In February, 1999, the 32 new program inductees headed to the opening retreat at Marysville to discuss the issues to be addressed over the coming year. Some of our major concerns included the environment, social justice, the future of the working environment, the economy, science and technology and Australia’s role in the world.
Our chosen topics often found their way regularly into the headlines of the day during that year. We witnessed East Timor gain independence, the unsuccessful attempt via a referendum for both Australia to become a republic and the inclusion of a preamble in the Constitution to recognise Aboriginals as Australia’s first people. The GST bill was passed in the Upper House in Canberra for introduction 12 months later. Telstra shares reached a high of $7.60, billions of dollars were spent in preparation for Y2K and Albert Einstein was named Time magazine’s Person of the Century.
At this year’s catch ups, we looked back at the year and then discussed the impact of some of the major events that have affected us both professionally and personally since and how we managed the consequences. At each of the events we had a key note speaker from within the group. From Bunty Avieson, editor of New Idea in 1999, and then Mary Waldron, a partner at Arthur Anderson that year, we heard of their challenges and accomplishments including 3 successful career changes for Bunty and Mary’s journey to her current role as PricewaterhouseCooper’s Global Chief Risk Officer.
Then, in true Williamson style, everybody had a timed opportunity to share many extraordinary experiences since our graduation. Whilst everyone had some very positive news either in a professional or personal sense, it was the challenges or how they were handled that had us sitting on the edge of our seats.
The difficult professional situations included dealing with redundancy – both as the recipient and the initiator, having the courage to review and adapt core business practices to deal with the ever-increasing speed of change and keeping abreast of new technologies – all whilst attempting to maintain a healthy work/life balance.
The key strengths that most of us embraced that seemed to be constant in many of these situations were resilience, an ability to seek guidance, and maintaining courage in our convictions once they were established. Interestingly, all these attributes were continually exhibited by speakers in our 1999 program year including Greg Bourne, then MD of BP Australia, Michael Carr-Gregg, Rob Hunt, then GM Bendigo Bank, Janet Holmes a Court, and Doug Shears, Executive Chairman ICM Australia.
The flame that led us to apply to be part of the Williamson program all those years ago still burns brightly. Many of the group continue to lend their skills to not-for-profit organisation. Pro bono work remains an accepted responsibility.
On the lighter side, the group were invited to provide a significant photo of an event in their life since 1999. The photos were displayed at both events. Tony Bartlett sent a photo of him meeting Her Majesty Queen Elizabeth II at a ceremony to launch the Queen’s Commonwealth Canopy, which fosters collaboration on forest restoration and collaboration, for supporting an Australian forestry project in Papua New Guinea. David Ali provided one with him meeting HRH the Princess Royal, Princess Anne at a function in Glasgow in his role as a Director of the International Alliance of ALS/MND Associations.

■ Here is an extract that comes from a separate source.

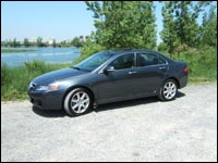 Japan know as the Honda Accord, Honda's best selling model worldwide. This being the case, it only makes sense that the styling of the TSX be so conservative. Other markets get a wagon version of the car and it certainly is not dull looking. That is not to say that the Acura is boring, its lines are classy, simple and display an aura of uncomplicated elegance that nearly insure that it will age very well. The Graphite Pearl paint was perfectly applied and the panels, aligned with perfection. Xenon headlights are standard however fog lights are a $691.10 option.

The rest of us were content to provide images with the likes of Nic Cave, Julia Gillard, Linda Dessau and Martin Sheen, with one of the group (who wishes to remain anonymous) producing a pic with Donald Trump.
Overall, the coming together in the group’s 20th anniversary year has been a wonderfully uplifting experience. The opportunity to revive and relive the camaraderie and trust developed long ago has been appreciated by everyone who attended and contributed. As a group we will be forever grateful for initially the foresight and generosity of Hugh Williamson and subsequently the contribution of the Leadership Victoria team. Their efforts have provided us with the guidance to make a positive impact through the leadership roles we have embraced in both our professional lives and within our communities.